====== Stored data ======

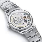 一方「オリオンネオマティック ドレ」は、優美な曲線を魅力とするモデル。ケース径36.4mmでケース厚は8.5mmとタンジェントよりわずかに大きく、風防のサファイアクリスタルも緩やかなカーブを描いたドーム型。ケースバックもなだらかな丸みを帯びた優しげで優雅なシルエットになっています。
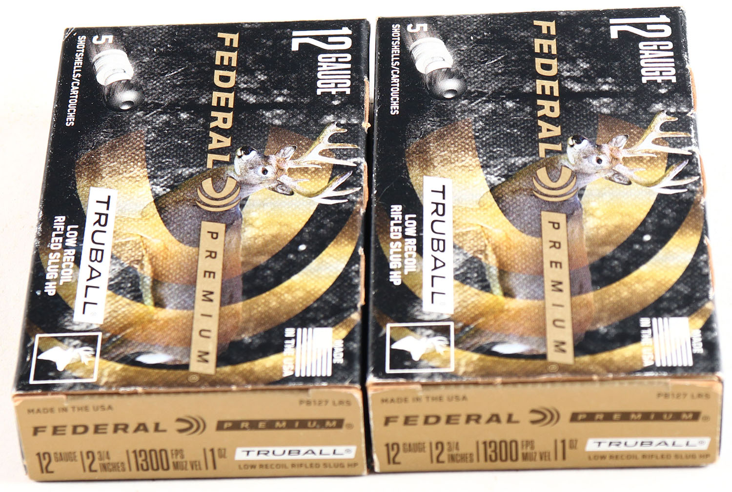 Lot of 2 Federal, 12ga., 1pc., Appears full, shot size Rifled Slug TRUBALL, multi-colored box. Grade: Excellent - Value: 10 to 30
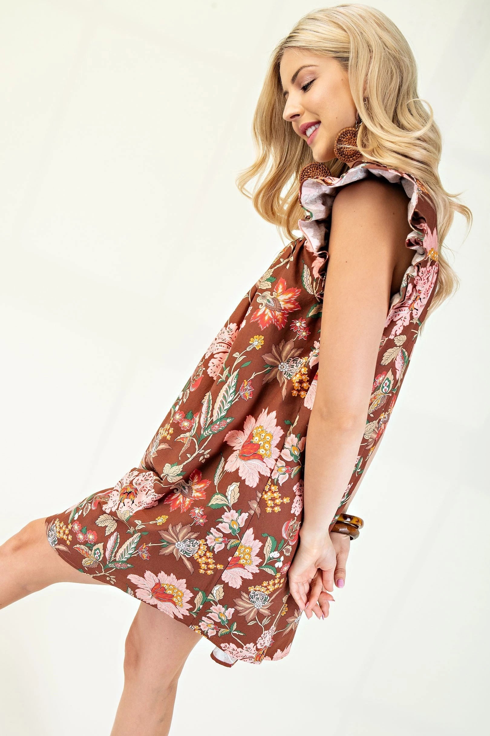 Step out in style with the GiGio Floral Split Neck Mini Dress, featuring charming ruffle sleeves and a flirtatious split neckline. Its vibrant floral print and breezy silhouette make every moment feel like a sunny day adventure. Perfect for playful outings or casual gatherings, this dress adds a fresh pop of fun to your wardrobe.
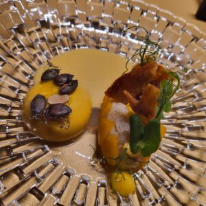 Dazu gab es noch die Möglichkeit, 2 Signature Dishes auszuwählen, wobei der Käse aus war. Beim lesen der ersten Option war für uns klar: nehmen wir!

======

Assignment → Return the listing above unaltered, omitting its pictures.

Solution below →
 一方「オリオンネオマティック ドレ」は、優美な曲線を魅力とするモデル。ケース径36.4mmでケース厚は8.5mmとタンジェントよりわずかに大きく、風防のサファイアクリスタルも緩やかなカーブを描いたドーム型。ケースバックもなだらかな丸みを帯びた優しげで優雅なシルエットになっています。
 Lot of 2 Federal, 12ga., 1pc., Appears full, shot size Rifled Slug TRUBALL, multi-colored box. Grade: Excellent - Value: 10 to 30
 Step out in style with the GiGio Floral Split Neck Mini Dress, featuring charming ruffle sleeves and a flirtatious split neckline. Its vibrant floral print and breezy silhouette make every moment feel like a sunny day adventure. Perfect for playful outings or casual gatherings, this dress adds a fresh pop of fun to your wardrobe.
 Dazu gab es noch die Möglichkeit, 2 Signature Dishes auszuwählen, wobei der Käse aus war. Beim lesen der ersten Option war für uns klar: nehmen wir!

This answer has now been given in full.